[Opening The records section]

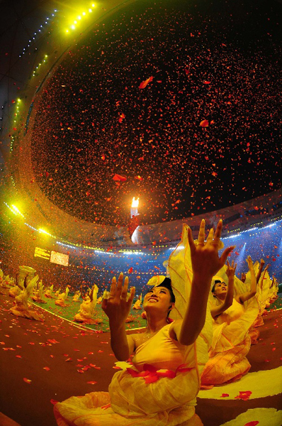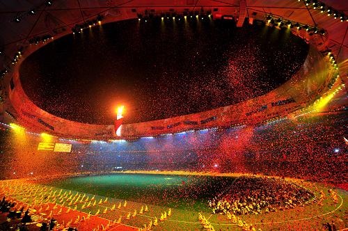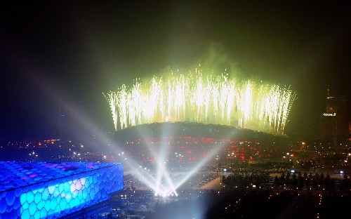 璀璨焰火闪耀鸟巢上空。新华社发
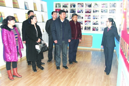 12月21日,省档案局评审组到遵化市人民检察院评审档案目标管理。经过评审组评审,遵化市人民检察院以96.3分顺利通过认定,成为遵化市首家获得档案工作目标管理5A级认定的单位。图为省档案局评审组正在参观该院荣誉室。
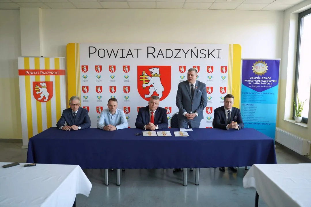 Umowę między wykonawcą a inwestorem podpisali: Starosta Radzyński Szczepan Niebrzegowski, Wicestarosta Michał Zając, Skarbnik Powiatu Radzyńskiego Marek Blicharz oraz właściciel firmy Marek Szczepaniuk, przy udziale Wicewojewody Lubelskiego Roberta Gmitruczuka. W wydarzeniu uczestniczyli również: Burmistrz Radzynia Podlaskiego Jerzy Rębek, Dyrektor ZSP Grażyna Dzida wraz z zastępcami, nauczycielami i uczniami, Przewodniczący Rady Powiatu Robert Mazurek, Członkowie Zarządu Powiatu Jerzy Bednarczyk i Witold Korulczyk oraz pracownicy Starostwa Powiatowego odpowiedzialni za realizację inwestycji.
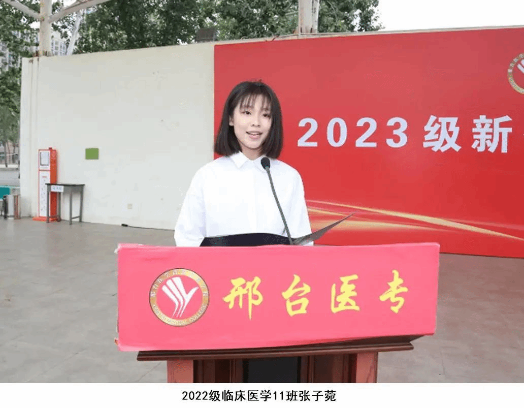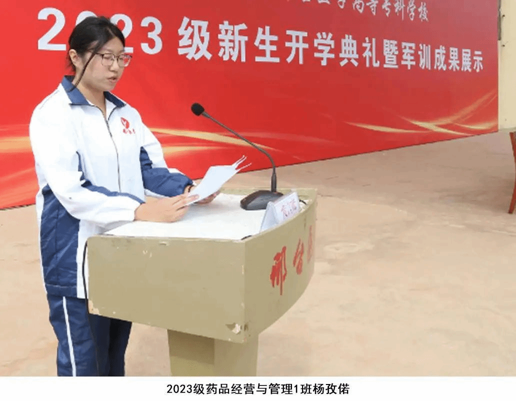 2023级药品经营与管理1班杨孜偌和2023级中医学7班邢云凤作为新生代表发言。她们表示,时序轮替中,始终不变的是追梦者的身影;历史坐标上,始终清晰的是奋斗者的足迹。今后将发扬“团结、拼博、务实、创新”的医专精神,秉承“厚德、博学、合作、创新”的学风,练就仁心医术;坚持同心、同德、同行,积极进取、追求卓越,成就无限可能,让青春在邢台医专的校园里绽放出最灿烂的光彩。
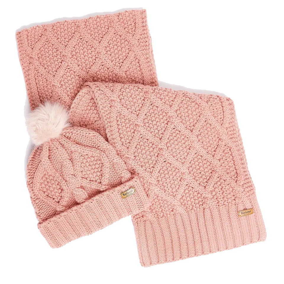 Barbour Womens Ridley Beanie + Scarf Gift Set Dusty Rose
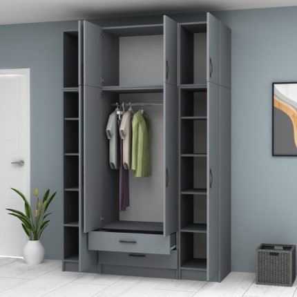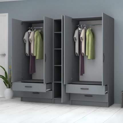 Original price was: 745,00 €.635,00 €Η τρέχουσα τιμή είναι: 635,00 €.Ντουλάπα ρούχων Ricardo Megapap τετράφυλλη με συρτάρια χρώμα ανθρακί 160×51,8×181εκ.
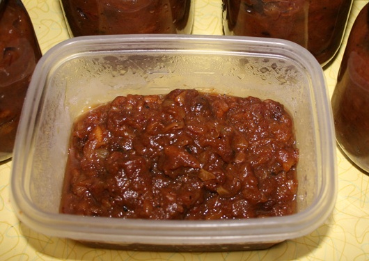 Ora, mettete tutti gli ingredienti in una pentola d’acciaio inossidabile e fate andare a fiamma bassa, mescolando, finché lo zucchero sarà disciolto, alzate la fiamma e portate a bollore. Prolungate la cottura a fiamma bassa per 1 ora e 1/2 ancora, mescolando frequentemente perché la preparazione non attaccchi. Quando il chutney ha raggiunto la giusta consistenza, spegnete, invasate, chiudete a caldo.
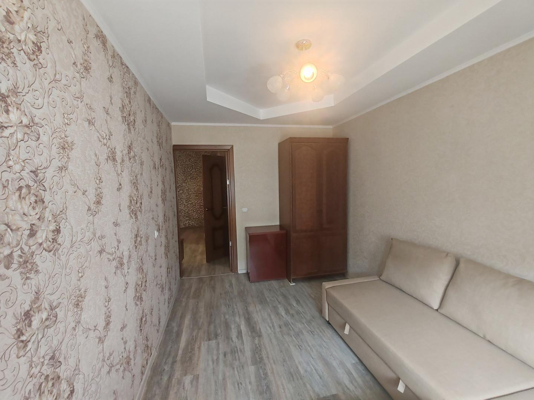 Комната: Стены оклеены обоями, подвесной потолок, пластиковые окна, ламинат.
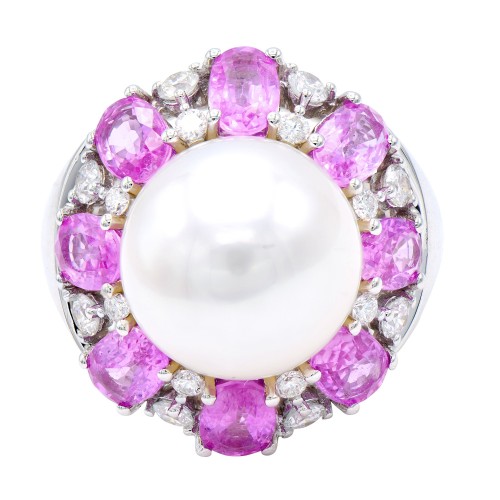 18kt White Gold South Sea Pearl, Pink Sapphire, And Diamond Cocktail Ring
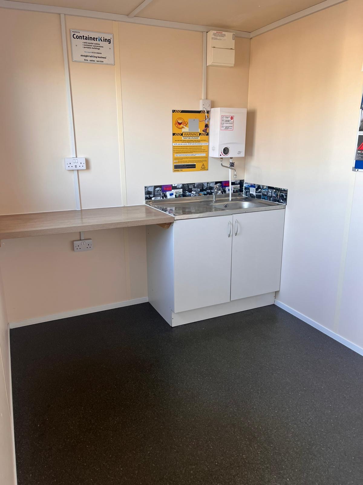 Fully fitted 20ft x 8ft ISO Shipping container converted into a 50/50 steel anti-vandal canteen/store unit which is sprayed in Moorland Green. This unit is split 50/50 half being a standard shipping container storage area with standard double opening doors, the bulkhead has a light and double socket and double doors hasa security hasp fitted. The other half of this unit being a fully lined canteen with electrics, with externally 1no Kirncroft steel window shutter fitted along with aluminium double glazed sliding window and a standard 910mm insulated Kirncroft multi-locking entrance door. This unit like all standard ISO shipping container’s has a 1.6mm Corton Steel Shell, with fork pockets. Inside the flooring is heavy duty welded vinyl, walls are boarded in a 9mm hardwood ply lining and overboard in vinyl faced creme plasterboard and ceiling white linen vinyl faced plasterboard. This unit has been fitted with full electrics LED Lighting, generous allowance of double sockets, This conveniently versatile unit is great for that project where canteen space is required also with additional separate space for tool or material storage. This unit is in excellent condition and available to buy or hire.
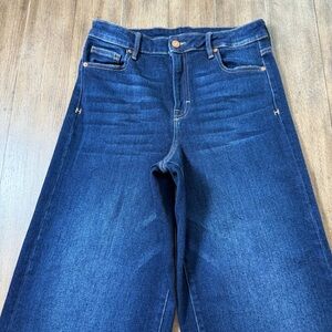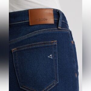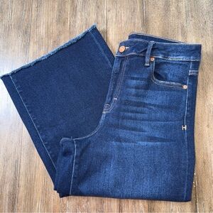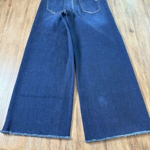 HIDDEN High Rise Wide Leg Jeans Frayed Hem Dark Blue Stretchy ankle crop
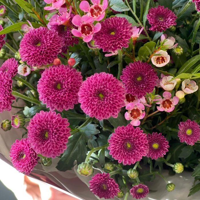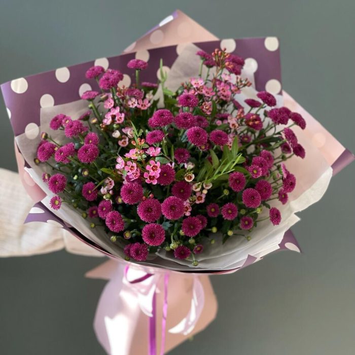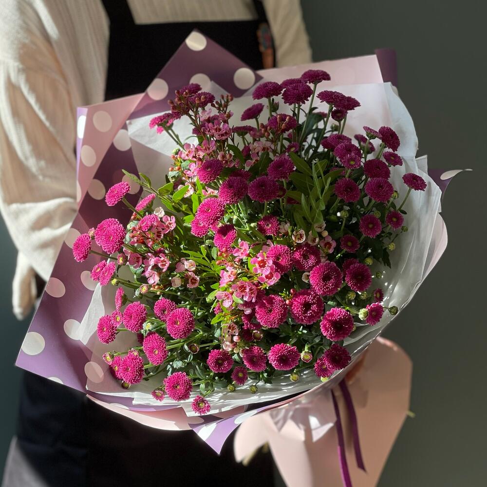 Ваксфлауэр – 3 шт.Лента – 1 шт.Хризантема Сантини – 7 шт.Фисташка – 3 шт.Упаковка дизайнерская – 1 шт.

[Closing The records section]

#### Work request:
Your answer should be the lines from the opening of the records through the line with "12月21日,省档案局评审组", both ends retyped exactly and pictures left out.

#### Solution for this task:
 璀璨焰火闪耀鸟巢上空。新华社发
 12月21日,省档案局评审组到遵化市人民检察院评审档案目标管理。经过评审组评审,遵化市人民检察院以96.3分顺利通过认定,成为遵化市首家获得档案工作目标管理5A级认定的单位。图为省档案局评审组正在参观该院荣誉室。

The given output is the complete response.